DATA BELOW:

====

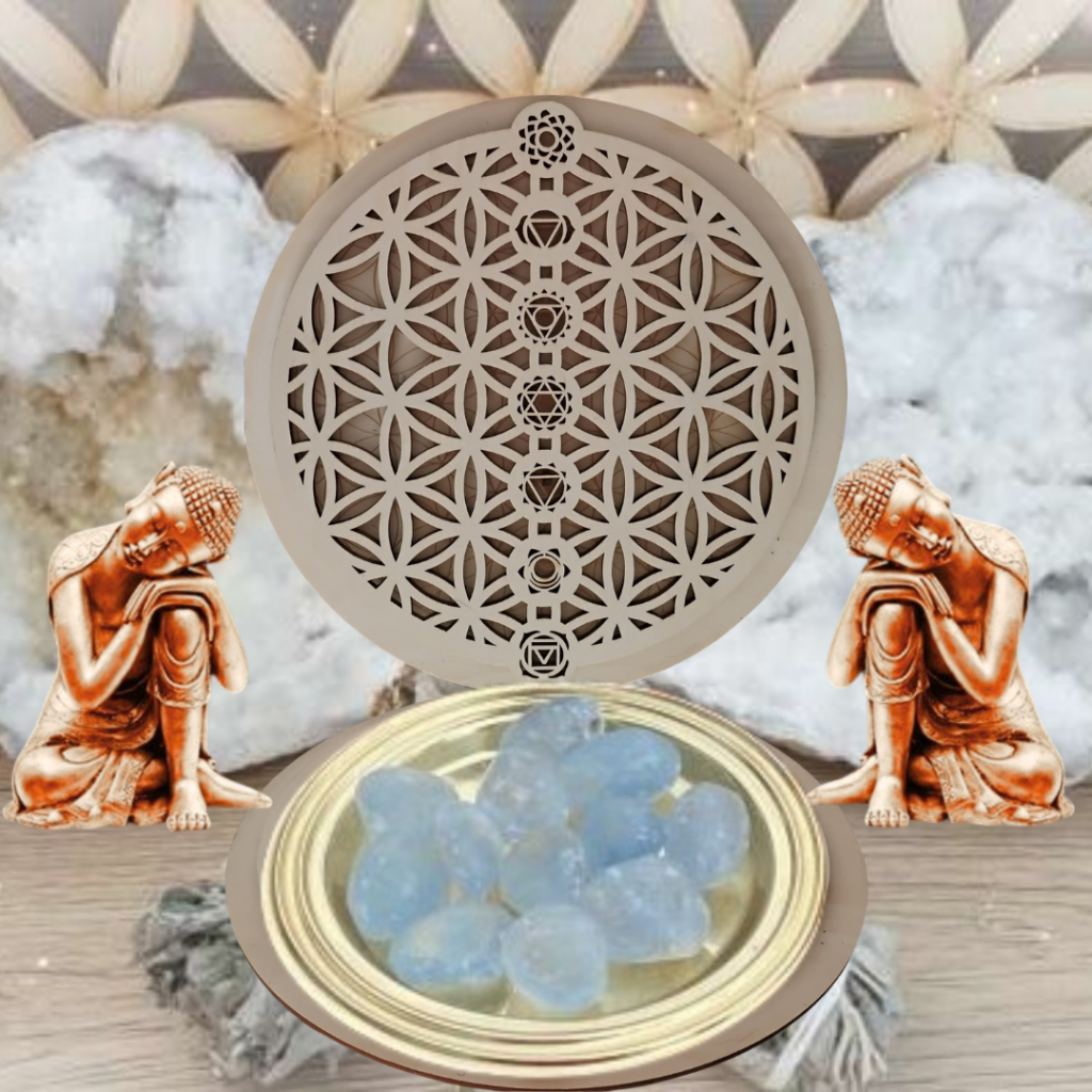 Elle est portée pour aiguillonner l’éloquence, pour instiller le développement spirituel et pousser vers l’illumination. Posée sur le chakra du 3eme œil, c’est une pierre dotée d’une vibration élevée imprégnée d’énergies divines qui enseigne la confiance dans la sagesse infinie du divin, apportant ainsi une harmonie total.
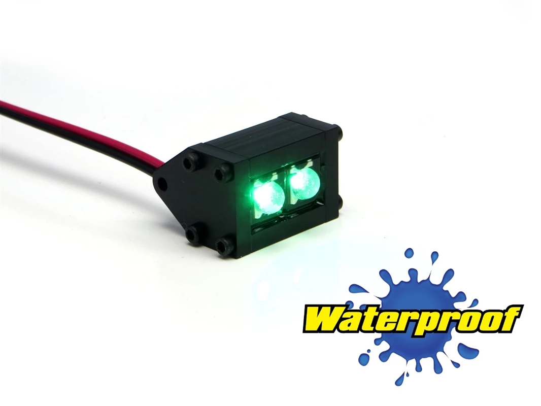 Made in the U.S.A., with (2) ultra-bright GREEN LEDs in a low profile, CNC-machined, black Delrin housing. 0.89″ long from outside-to-outside of the mounting ears. Includes (1) Trail Pod.
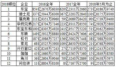 日本主要12大电影发行商所发行作品最近三年间票房收入:
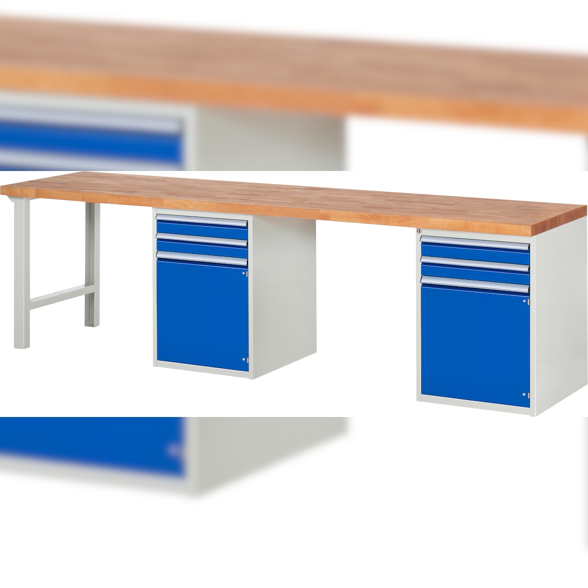 PROREGAL Werkbank Serie 7000 - Modell 7503 | HxBxT 84x300x70cm | 4x Schublade + 2x Flügeltür + 2x Fachboden | Schubladenmaße 4x90mm

====

ASSIGNMENT: Exactly the lines from the one with "Made in the" through the end of the listing above are to be repeated, with no pictures.

RESULT BELOW:
 Made in the U.S.A., with (2) ultra-bright GREEN LEDs in a low profile, CNC-machined, black Delrin housing. 0.89″ long from outside-to-outside of the mounting ears. Includes (1) Trail Pod.
 日本主要12大电影发行商所发行作品最近三年间票房收入:
 PROREGAL Werkbank Serie 7000 - Modell 7503 | HxBxT 84x300x70cm | 4x Schublade + 2x Flügeltür + 2x Fachboden | Schubladenmaße 4x90mm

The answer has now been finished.